_Exercise description_: Keep the images out and set the listing below down word for word.

_Recorded information_:
---

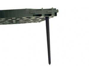 Deeply penetrating stakes to anchor the grating on slopes.
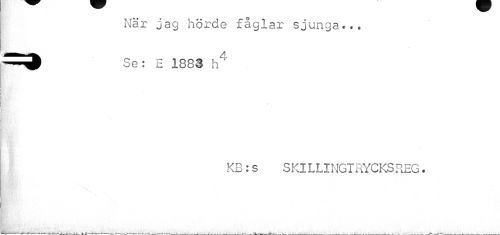 //// När jag hörde fåglar sjunga... Se: E 1883 h4 //// KB:s SKILLINGTRYCKSREG. //// 'r } k ' ////
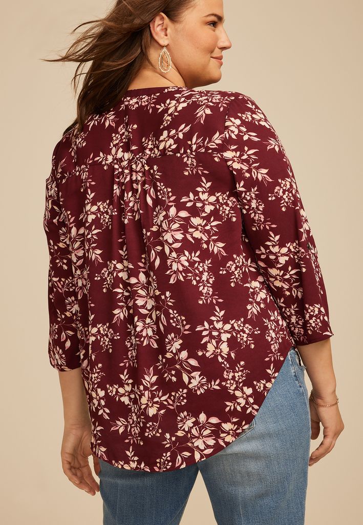 Plus Size Atwood Floral 3/4 Sleeve Popover Blouse
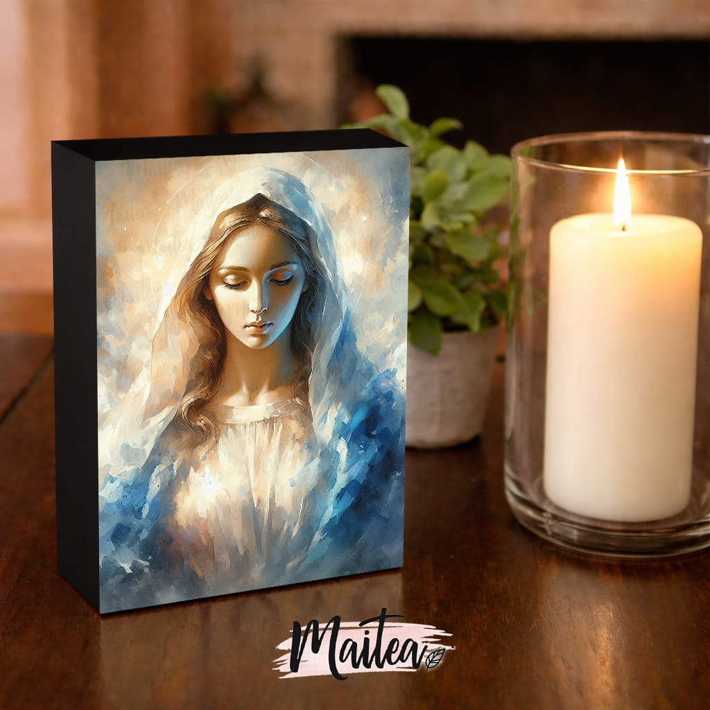 Cuadros religiosos de alta calidad, impresos en lienzos de 100% algodón con tintas ecológicas y duraderas. Embellece tu espacio con imágenes religiosas que inspiran fe y devoción. Retablo en lienzo de Retablo El Dulce Nombre de María.

---

_Solution for this task_:
 Deeply penetrating stakes to anchor the grating on slopes.
 //// När jag hörde fåglar sjunga... Se: E 1883 h4 //// KB:s SKILLINGTRYCKSREG. //// 'r } k ' ////
 Plus Size Atwood Floral 3/4 Sleeve Popover Blouse
 Cuadros religiosos de alta calidad, impresos en lienzos de 100% algodón con tintas ecológicas y duraderas. Embellece tu espacio con imágenes religiosas que inspiran fe y devoción. Retablo en lienzo de Retablo El Dulce Nombre de María.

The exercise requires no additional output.